This project focuses on building and evaluating multiple **classification models** on a structured dataset using a complete **end-to-end machine learning pipeline**. The objective was to achieve **strong generalization performance** while maintaining model interpretability and robustness.

Several classical and advanced machine learning algorithms were implemented, evaluated, and compared.
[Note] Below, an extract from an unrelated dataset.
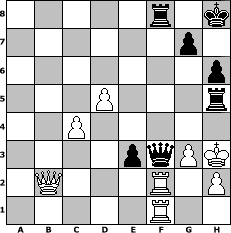 game notation in PGN-format [Event "April 2018"] [Site "www.myChess.de"] [Date "2018.04.11"] [Round "1"] [White "Joschi"] [Black "alibengali"] [ECO "C40"] [WhitemyELO "1528"] [BlackmyELO "1720"] [Result "0-1"] [TimeControl "10/1728000"] [WhiteDays "100"] [BlackDays "099"] [MyChessNo "111926"] 1. e4 e5 2. Nf3 d5 3. Nxe5 Bd6 4. d4 dxe4 5. Nc3 Nf6 6. Bg5 h6 7. Bxf6 Qxf6 8. Nc4 Bb4 9. Qd2 O-O 10. a3 Bxc3 11. bxc3 Nc6 12. Be2 Be6 13. O-O b5 14. Ne3 a6 15. Rad1 Rad8 16. Qc1 Bd5 17. Nxd5 Rxd5 18. a4 Ne7 19. axb5 axb5 20. Qb2 c6 21. c4 bxc4 22. Bxc4 Rd7 23. c3 Nd5 24. Rde1 Qg6 25. Bxd5 cxd5 26. f3 Qc6 27. fxe4 dxe4 28. Re3 f5 29. Qb3+ Kh8 30. Qb4 Rdf7 31. c4 f4 32. d5 Qg6 33. Rc3 f3 34. g3 Qg5 35. Qb2 e3 36. Rcc1 f2+ 37. Kg2 Qg4 38. Rc2 Qf3+ 39. Kh3 Rf5 40. Rcxf2 Rh5# 0-1 position notation in FEN-format 5r1k/6p1/7p/3P3r/2P5/4pqPK/1Q3R1P/5R2 - - - 1 41 Captured white pieces: ![]() ![]() ![]() ![]() ![]() ![]() ![]() ![]() ![]() ![]() ![]() ![]() ![]() ![]() ![]() Captured black pieces: ![]() ![]() ![]() ![]() ![]() ![]() ![]() ![]() ![]() ![]() ![]() ![]() ![]() ![]() ![]() Click on a captured piece in order to display the desired move!

Although **ensemble techniques were explored**, they were **not included in the final solution** due to degraded validation performance.

---

## 🧠 Models Implemented

The following classification algorithms were trained and evaluated:

* Logistic Regression
* Decision Tree Classifier
* Random Forest Classifier
* AdaBoost Classifier
* XGBoost Classifier
* CatBoost Classifier
* LightGBM Classifier

Each model was tuned with reasonable hyperparameters and evaluated using consistent metrics.

---

## ⚙️ Preprocessing Pipeline

The dataset underwent the following preprocessing steps:

1. Handling missing values
2. Encoding categorical variables
3. Feature scaling using **StandardScaler** (for numerical features)
4. Train-test split with index alignment preserved

All preprocessing steps were applied **only on training data** and then transformed on test data to avoid data leakage.

---

## 📈 Evaluation Metrics

Models were evaluated using:

* Accuracy
* Precision
* Recall
* F1-Score
* Confusion Matrix

The final model was selected based on **overall generalization performance**, not just training accuracy. **Random Forest** gave the best performace.

---

## 🏆 Final Model Selection

After comparative evaluation, the best-performing model was selected based on:

* Strong validation/test metrics
* Stable performance across folds
* Lower overfitting tendency
* Interpretability

---

## 🧪 Reproducibility

To ensure reproducibility:

* Random seeds (`random_state`) were fixed
* Consistent preprocessing and evaluation strategy was followed

---

## 📂 Project Structure (High-Level)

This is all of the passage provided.